Jamal Maarouf (جمال معروف) is a Syrian revolutionary. He was one of the most powerful rebel leaders in northern Syria during the earlier stages of the Syrian Civil War. He was the military chief of the Syrian Revolutionaries Front and leader of the Syrian Martyrs' Brigade, both part of the Free Syrian Army.

==Biography==
Before the uprising against president Bashar al-Assad, Jamal Maarouf was a construction worker. He was one of the first to take up arms in the Idlib province against the Assad regime. Jamal Maarouf created the Syrian Martyrs' Brigade in December 2011 and later the Syria Revolutionaries Front, with funding by Saudi Arabia.

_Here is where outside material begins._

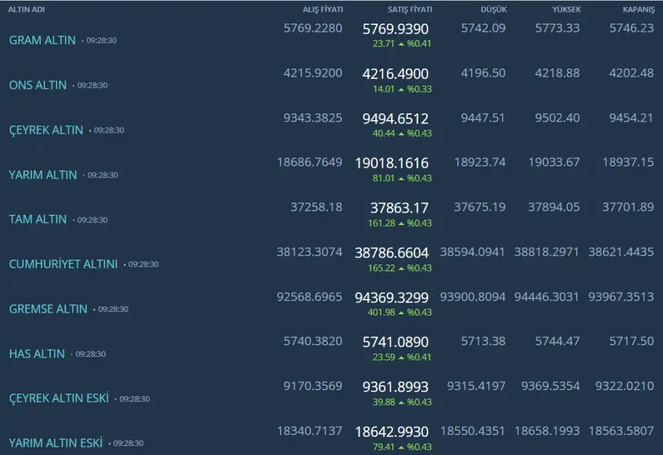 Kapalıçarşı Altın fiyatları:

The SRF was accused of corruption and of hoarding bread to raise prices in areas under its control, prompting the al-Nusra Front to attack it. Maarouf then fled to Turkey after his force
was defeated by the al-Nusra Front in late 2014.

On 16 December 2016, Maarouf and other leaders of groups ousted by al-Nusra declared their willingness to return to Syria. Their statement was handwritten and signed by Maarouf, Abdullah Awda (Hazzm Movement), Mithqal al-Abdullah (Ansar Brigades) and Youssef al-Hassan (Haq al-Muqatila Front).

On 16 October 2020, Maarouf broke his long years of silence by putting a statement online, praising those who stand against Hayat Tahrir al-Sham. He also put forward an open initiative aimed at establishing a unified military council.